Ashley returned on Thursday and again did a stellar job, but it was on Friday that she really proved her worth. We had two rooms booked, one for a pair of older English people, and the other a Russian couple and their young child. We thought that the English would be dining in, but not the Russians, but when they arrived it seemed that the English had not booked dinner. Happily, they arrived just as Ashley did, so they realised that our ‘chef’ had arrived, and they asked to add dinner to their booking after all. Shortly after that the Russians arrived, and their five-year-old daughter had them wrapped around their fingers. No sooner did they walk in than she demanded “dessert” (it was 5pm) so they asked if we could wrangle up something sweet for her, and some tea for them. So I brought out some Christmas cookies that were lingering in the kitchen, and put them on a cute plate that our friend Jeff gave us with dogs painted on it. That was a big mistake since it persuaded the parents that they should stay for dinner!

I went and spoke with Ashley and we put together a plan to stretch out what we could and make new things to suit the Russian husband’s gluten intolerance. I set her to work on it so that I could entertain the guests while they had their canapés. Unfortunately, it soon became clear that we could not have the Russians and English dine together, since the kid just would not quiet down and the English were not in the mood to eat with a screaming child in their midst. So we set up a separate dining table in the billiards room for the Russians, and set to work. In the end, the evening went swimmingly, and all left fat and happy again.

Today was our first day off in a little while, which I spent taking care of little projects in the kitchen (including harvesting a couple kgs of sour cherries at a friend’s farm) while J2 took a nap or two. We have a few days of guests coming up that Ashley will help with, and then a few days off that I can use to teach her how to do some of our standards (mozzarella, croissants, bread, etc). Then it’s a few weeks in a row of non-stop guests.

Before I forget, and in case you’re still with me, we have booked our flights for our winter marketing trip. Here’s the itinerary:

  • 13-16 June Vancouver
  • 16-19 June Seattle
  • 19-25 June LA
  • 25-27 June Chicago
  • 27 June -3 July DC
  • 3 July – 12 July NYC
  • 13 July – 21 July UK
  • 21 July – 25 July Netherlands
  • 26 July – 5 August Burma
  • 5 – 7 August Bangkok
  • 8 August Home

If you’re in any of these places, we hope we’ll get a chance to see you!
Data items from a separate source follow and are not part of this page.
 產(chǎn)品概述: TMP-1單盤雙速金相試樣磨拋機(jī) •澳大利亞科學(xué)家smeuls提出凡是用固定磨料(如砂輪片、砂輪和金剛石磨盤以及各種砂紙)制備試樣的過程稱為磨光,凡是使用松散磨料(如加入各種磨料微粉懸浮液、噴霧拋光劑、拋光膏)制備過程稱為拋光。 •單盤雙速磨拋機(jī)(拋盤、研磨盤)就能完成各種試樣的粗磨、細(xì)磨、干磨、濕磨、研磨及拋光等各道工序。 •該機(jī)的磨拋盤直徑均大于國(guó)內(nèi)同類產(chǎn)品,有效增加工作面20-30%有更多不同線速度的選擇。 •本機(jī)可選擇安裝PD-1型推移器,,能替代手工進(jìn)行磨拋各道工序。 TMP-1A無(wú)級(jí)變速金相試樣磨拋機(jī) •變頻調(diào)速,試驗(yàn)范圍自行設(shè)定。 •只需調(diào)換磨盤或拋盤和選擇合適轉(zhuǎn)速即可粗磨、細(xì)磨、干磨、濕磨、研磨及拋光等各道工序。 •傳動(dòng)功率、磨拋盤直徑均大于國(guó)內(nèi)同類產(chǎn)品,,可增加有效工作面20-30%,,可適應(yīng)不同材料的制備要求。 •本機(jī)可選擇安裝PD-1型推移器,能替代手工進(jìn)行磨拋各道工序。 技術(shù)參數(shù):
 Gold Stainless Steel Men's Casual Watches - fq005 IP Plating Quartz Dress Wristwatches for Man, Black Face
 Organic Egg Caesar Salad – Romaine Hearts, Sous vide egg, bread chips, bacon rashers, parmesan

Here are some photos of the new chef’s work:

Posted by: JLG | 7 December 2013


Gingerbread 2013 has been revealed! Work began selecting a subject a few weeks ago, a challenge considering that we had no overseas trips this year (my only foray out of NZ was for a conference in Shanghai, and J2 did not come along). We played around with a couple of ideas, mostly in the UK, since we plan to visit the UK again this coming winter and thought it would be a good conversation starter. The main prospect seemed to be Westminster Abbey, but when J2 started to work on it he realised that it was not that interesting a building to render in gingerbread. That’s when I suggested Exeter Cathedral. Although not a dramatic building in some ways, it ties in with PYB a bit better, since: a) it’s in Devon, the county from which PYB’s original owners hailed; b) it’s got the longest uninterrupted vaulted ceiling in England, which is sort of like PYB being the largest single-storey wooden dwelling in the South Island/New Zealand/Australasia/whatever it is; and c) it has flying buttresses, which people always like to see rendered in gingerbread.
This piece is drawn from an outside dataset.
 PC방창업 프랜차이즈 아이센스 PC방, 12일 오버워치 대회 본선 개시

Construction started just after the Victorian high tea on Nov 16, with a few interruptions for dinner events at the lodge. In the end, it was finished by last Saturday, after about a week of work, but we agreed with the local papers to embargo any photos until they could reveal it in their pages. No sooner did they print their papers than I got to work on Facebook publicising the images. What surprised me, though, was the speed with which it became known to the people in Exeter that their cathedral had been recreated in gingerbread by two guys in New Zealand! I got tweets from @ExeterCathedral and @ExeterCouncil and from a few publications out there asking for photos, and now we have followers from all over SW England. The icing on the cake (ahem…) is that Exeter Cathedral tweeted the other day with a photo of a few books about the cathedral, and two entry passes, that they have mailed us!
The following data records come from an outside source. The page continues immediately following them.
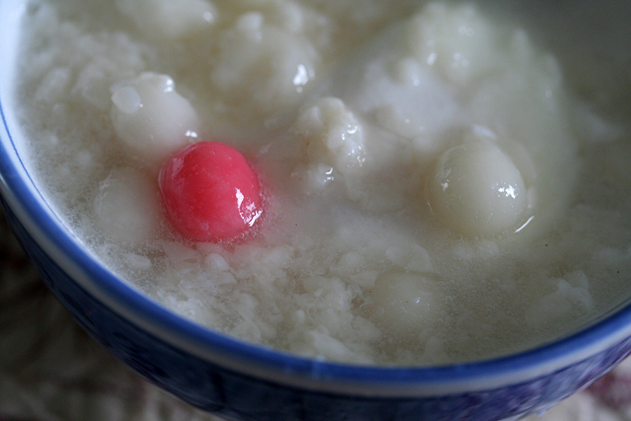 when i first got to belmont i had some leftover potato bake with cheese my sister brought back from her super bowl party. my mother also made me a bowl of fermented rice porridge with gluten balls and an egg.
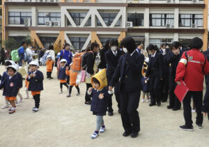 また、津波情報をキャッチし、第2次避難を開始。幼稚園児や児童発達支援センターの子どもたちには、高校の看護専攻科の生徒が手をつなぐなどして、先生と一緒に避難誘導を手伝った。それぞれ事前に決められた避難場所に移動した。
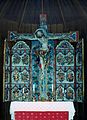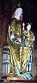 The soapstone baptismal font, with its conical wooden lid, is of gothic style and is still in use. On a special mount on the wall of the church is a statue of the Virgin Mary, crowned and dressed in a golden robe lined with vair and holding the similarly crowned and robed Christ Child enthroned on her lap. The statue dates from the early 13th century as does the wooden tabernacle in the form of a church. Hedal church was originally dedicated to the Virgin Mary and this statue originally stood on the principal altar in the apse in front of a polytych painted with scenes of her life, which could be closed over it during times of fasting. This polytych was repainted in the Baroque period and now forms the altarpiece, in front of which is displayed a medieval crucifix of Christ on the cross in the shape of a stylized tree of life. Both the statue of the Virgin and Child and the crucifix are among the more beautiful works of medieval art to survive from the Norwegian Middle Ages.[11]

You can read the articles that have appeared (so far…) here and here.


Posted by: JLG | 24 November 2013

Thanksgiving in Oamaru

It all began with Dame Kiri Te Kanawa’s visit to Oamaru in March. We were invited to the little pre-concert reception in the Opera House and there J2 met a dentist with a practice in town with whom he struck up a conversation. Months later, when J2 needed to see a dentist for his regular cleaning, he decided to visit his practice, and there the two of them got to chatting and struck up a friendship so J2 came home and said he’d like to invite the dentist and his wife to dinner sometime. A few days later, I was at the farm where I buy my milk for making fior di latte (aka cow’s milk mozzarella) and stracchino cheese, and the farmer told me that in a few days they would be ‘dispatching’ some turkeys, and asked if I would I like one for Thanksgiving. It seemed like a good excuse to invite the dentist to dinner, and for me to buy a fresh-from-the-farm turkey, so I placed an order. The date settled on for the dinner was 23 November, a bit before Thanksgiving (which this year is on the 28th) but quite consistent with my family’s usual practice of having a pre-Thanksgiving dinner the weekend before at my sister’s house in Connecticut so that we could then have our echt-Thanksgiving at our own homes. In addition to the dentist and his wife we also invited our friends Toni and Derek and our other friend Catriona.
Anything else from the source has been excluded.